<<<<

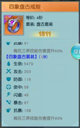 穿戴8件4阶“盘古套装”,最高可以将技能【梅花三弄】的伤害提升80%
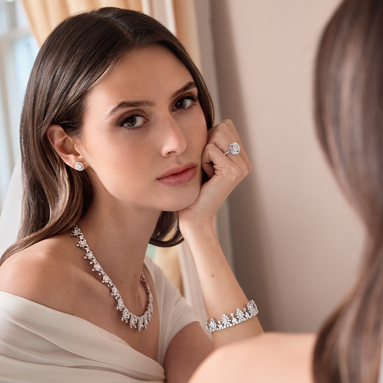 นอกจากแหวนหมั้น Mouawad ยังมอบประสบการณ์ครบวงจรสำหรับเจ้าสาว — ตั้งแต่แหวนแต่งงานคู่เข้าชุด สร้อยข้อมือเพชร สร้อยคอระยิบระยับ ต่างหูระย้า ไปจนถึงเครื่องประดับสั่งทำพิเศษที่ออกแบบเพื่อถ่ายทอดเรื่องราวความรักของแต่ละคู่
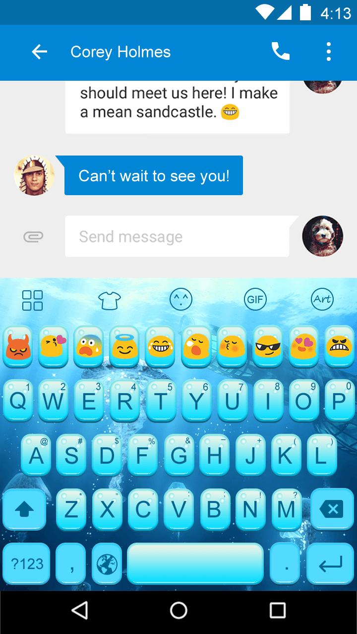 Gif Keyboard-Emoji (Shark) is a Free, cute, personalized, fast,easy,fun,smart and colorful, with infinite GIF animations and more than 3,000 emoji,emoticons.swipe-to-type, word predictions, auto-correct, 60+ supported languages. It enables you to share GIF animations easily, and helps you quickly enter emoji&emoticons, stickers, coolsymbols, icons and smiley icons in any of the scenes, Such as news, Email,Facebook,Twitter and other social networking applications。

>>>>

_WHAT IS NEEDED:_ Reproduce the data verbatim. Do not carry any picture into the copy.

_RESULT:_
 穿戴8件4阶“盘古套装”,最高可以将技能【梅花三弄】的伤害提升80%
 นอกจากแหวนหมั้น Mouawad ยังมอบประสบการณ์ครบวงจรสำหรับเจ้าสาว — ตั้งแต่แหวนแต่งงานคู่เข้าชุด สร้อยข้อมือเพชร สร้อยคอระยิบระยับ ต่างหูระย้า ไปจนถึงเครื่องประดับสั่งทำพิเศษที่ออกแบบเพื่อถ่ายทอดเรื่องราวความรักของแต่ละคู่
 Gif Keyboard-Emoji (Shark) is a Free, cute, personalized, fast,easy,fun,smart and colorful, with infinite GIF animations and more than 3,000 emoji,emoticons.swipe-to-type, word predictions, auto-correct, 60+ supported languages. It enables you to share GIF animations easily, and helps you quickly enter emoji&emoticons, stickers, coolsymbols, icons and smiley icons in any of the scenes, Such as news, Email,Facebook,Twitter and other social networking applications。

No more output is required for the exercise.